I've read humidity during first 18 days should be 45-55%, then 60% during lockdown to hatching.

my chinese automated incubator has humidity monitoring and an adjustable low humidity alarm. 

water is added via a hole, no idea how the water to vapour/humidity is regulated. (I'm planning to dissasemble the incubator post current batch to see how the internals are setup)

currently every time I add water, humidity goes to 60-64%, then once it drops below 60% it will rapidly drop to the alarm point at 45%. 

any ideas or suggestions on how to achieve better control of humidity?


----------



## robin416 (Sep 8, 2013)

Can you give us the name of your incubator since most of our incubators come out of China?
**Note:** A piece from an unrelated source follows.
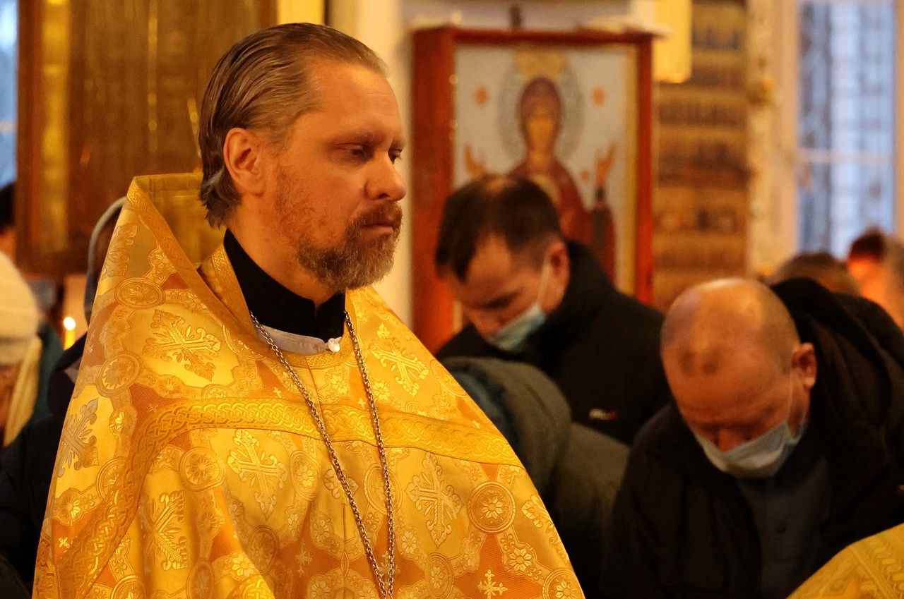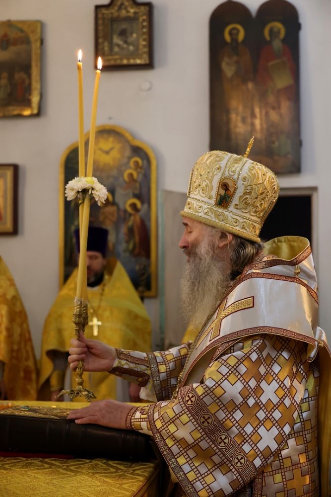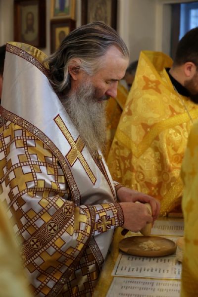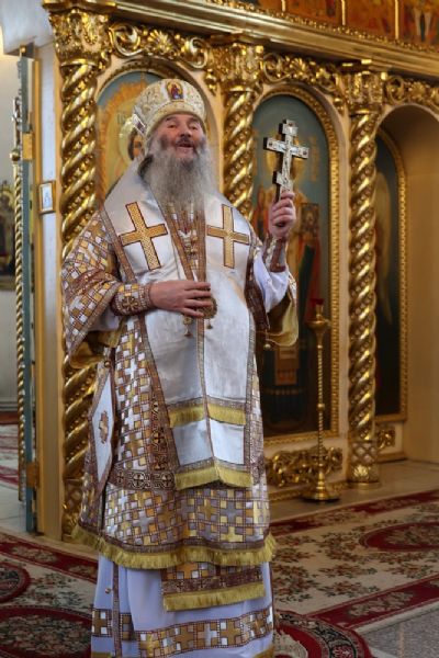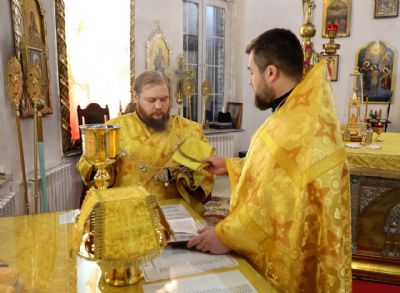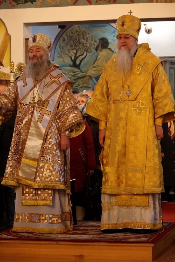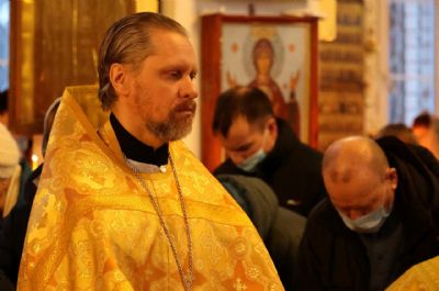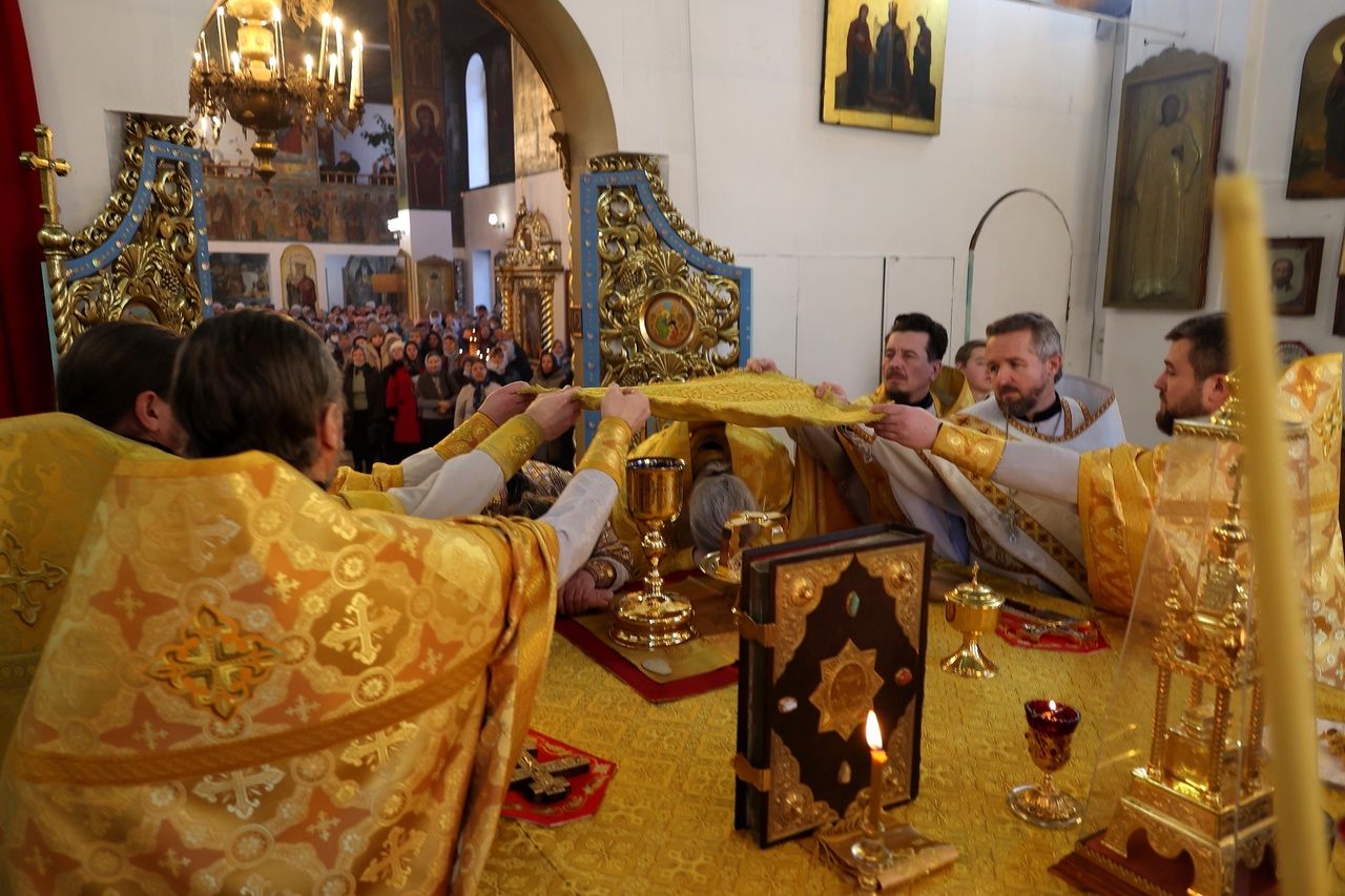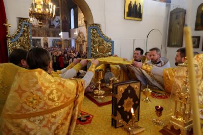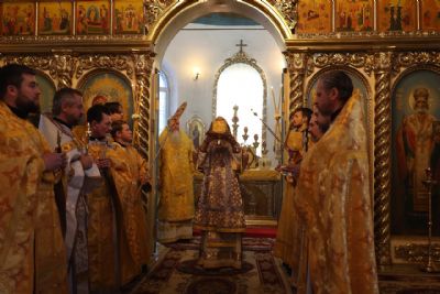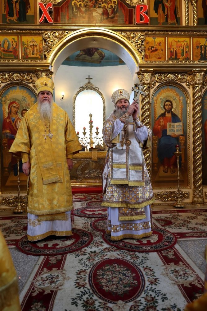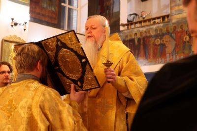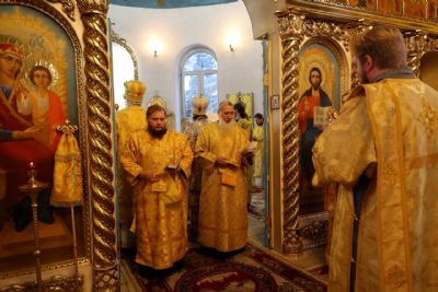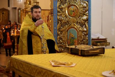 Накануне епископ Феофан возглавил в кафедральном соборе праздничное всенощное бдение в сослужении духовенства собора.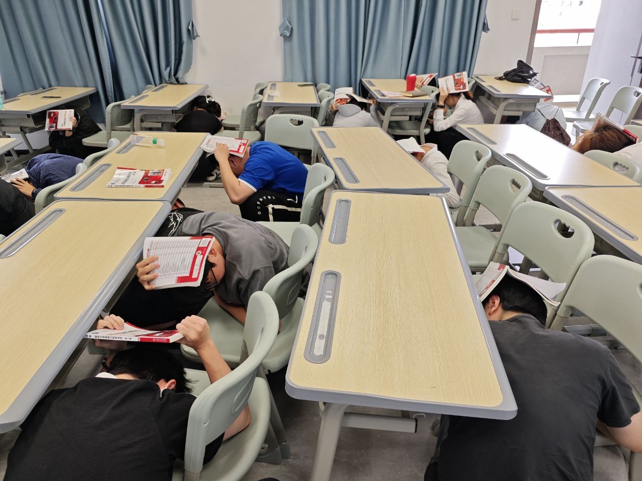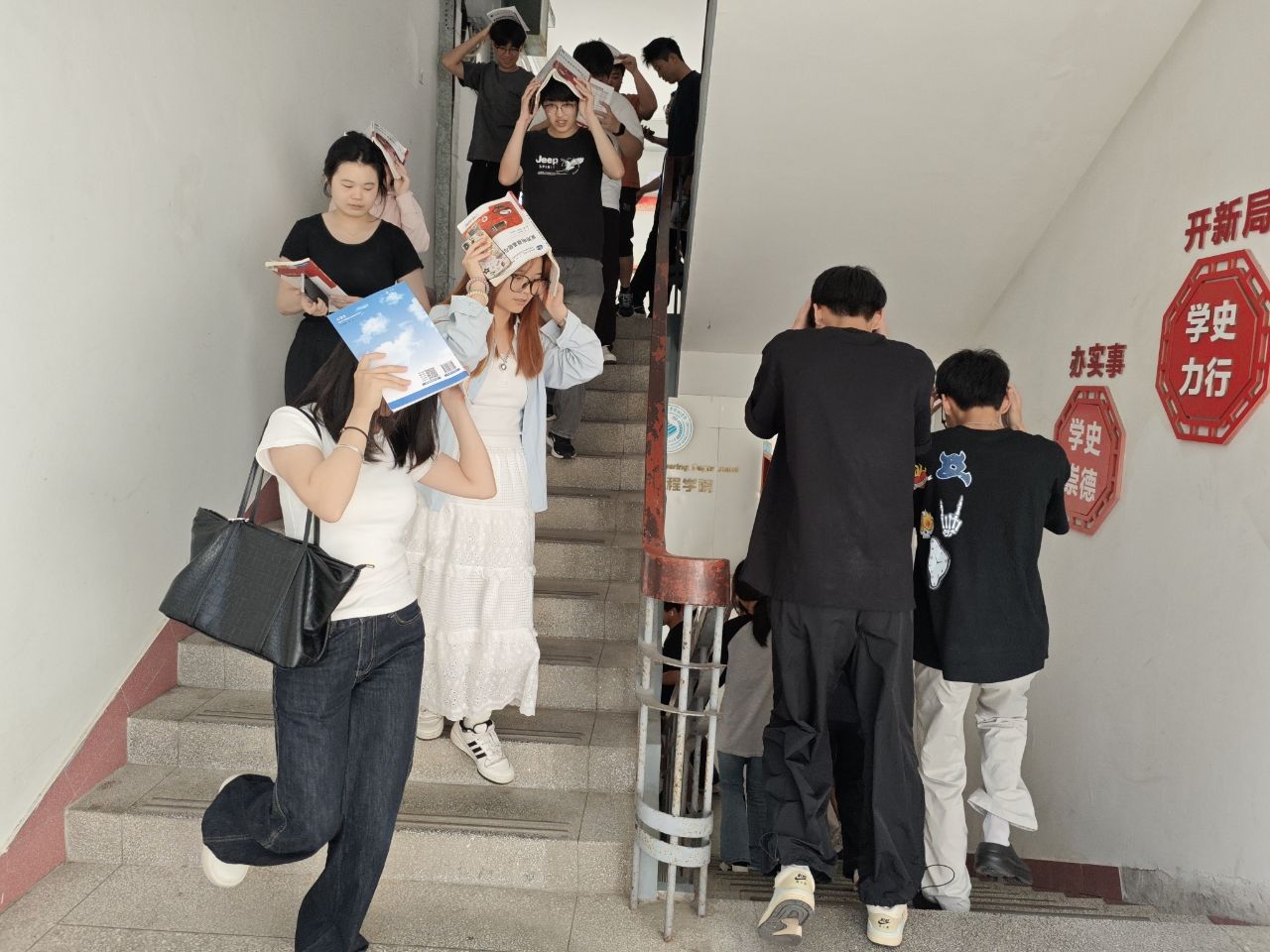 讲座结束后,紧接着开展了紧张而有序的地震应急演练。随着一声急促的模拟警报声骤然响起,参与演练的师生们迅速进入应急状态,按照防震避震“蹲下、抱头、抓牢”的口诀,迅速原地蹲下抱头,就近躲避在课桌或会议桌下,以躲避地震初期的强烈震动。当警报解除后,学院广播立即循环播放疏散信号,所有师生迅速反应,按照预先规划好的疏散路线,弯腰、护头,有序、快速地撤离至操场集合。在整个演练过程中,各班级、各部门紧密配合,师生们行动迅速、秩序井然,从警报响起至全体人员安全撤离至操场并完成人数清点,整个过程仅耗时约3分钟,充分展现了学院师生高效的应急反应能力和良好的组织纪律性。

Your incubator has vents in it to allow air in. If your ambient air is very dry then I can see the incubator needing closer attention.


----------



## Poultry Judge (Jul 15, 2020)

Welcome to the forum. I use a small bowl or cup in the incubator. You can get more consistent humidity control by controlling the amount of surface area of the water.


----------



## alwaysoutdoor (11 mo ago)

I must have bought the same incubator you did- it is really easy to keep the humidity at 60 (2-4 tablespoons of water in the bottom of the tray). Once the humidity gets below 55 it will only take a few minutes to be in the low 40’s and then the low humidity alarm will start going off. I can’t keep my whole family up at night (the alarm will not stop no matter what I press) so keeping the humidity at 60 is the answer I guess!


----------